Plotting a non-closed form of an equation

[rubenvb]

Hi,

I need to plot this function z(B) with B=0...100 for an assignment:

$$(1+z)^{\frac{2}{3}}-(1-z)^{\frac{2}{3}} = B$$

But can't seem to discover how. Mathematica can't calculate the inverse (for rather obvious reasons), and neither can Matlab.

A solution in either program is fine. Thanks!

 

[jackmell]

This is just a start and I have some doubts about it's accuracy. The resulting solution has roots which Mathematica extracts default values which may not be the values you want. Would need to work with it further and back-substitute values both for z and b to make sure your answer is correct. For example, what happens to (1-z)^(2/3) when z becomes greater than one?

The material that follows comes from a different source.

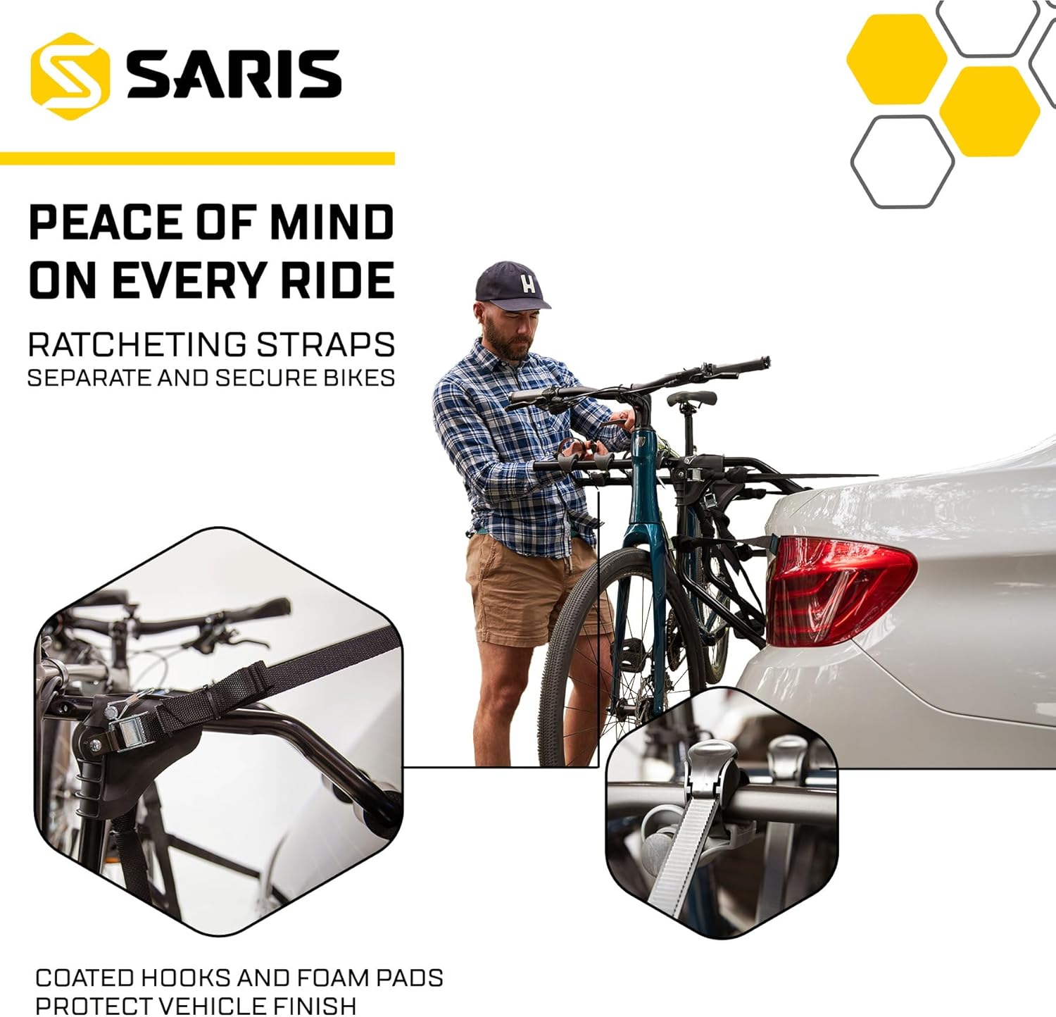 Take your biking adventures to the next level with the Saris Guardian Trunk Bike Rack, a no-hitch bicycle carrier designed for sedans, hatchbacks, SUVs, vans, and trucks. Whether you’re commuting, road-tripping, or hitting the trails, this foldable steel bike mount makes transporting your bikes effortless and secure—no hitch required. Experience hassle-free bike transport with the Saris Guardian Trunk Bike Rack, the ultimate no-hitch solution for cyclists who need a simple, reliable, and secure way to carry their bikes. With fully assembled out-of-the-box convenience, setup is a breeze—just unfold, secure the adjustable straps, and load up your bikes. Spring-loaded buckles and ratcheting straps ensure a rock-solid attachment to your vehicle, keeping your bikes stable even on rough roads. Each bike is held firmly in place with easy-to-use frame hold-downs, giving you peace of mind throughout your journey. Crafted from American-made steel, this rack is built to last. It accommodates up to three bikes (35 lbs. each) and features adjustable arms for a customized fit. When not in use, the compact, foldable design allows for easy storage in your trunk, garage, or closet. Plus, heavy-duty foam pads and coated hooks protect your vehicle’s finish, ensuring a scratch-free experience.

mysols = z /. Solve[(1 + z)^(2/3) - (1 - z)^(2/3) == b, z]
Plot[Re[mysols], {b, 0, 100}]

 

[rubenvb]

For example, what happens to (1-z)^(2/3) when z becomes greater than one?

Thanks for the answer, will check on it tomorrow (too late here now). z is defined to be no greater than 1 in absolute value, so the expression is symmetrical in z and there is no z>1.

PS: z is actually $$\zeta$$=polarisation)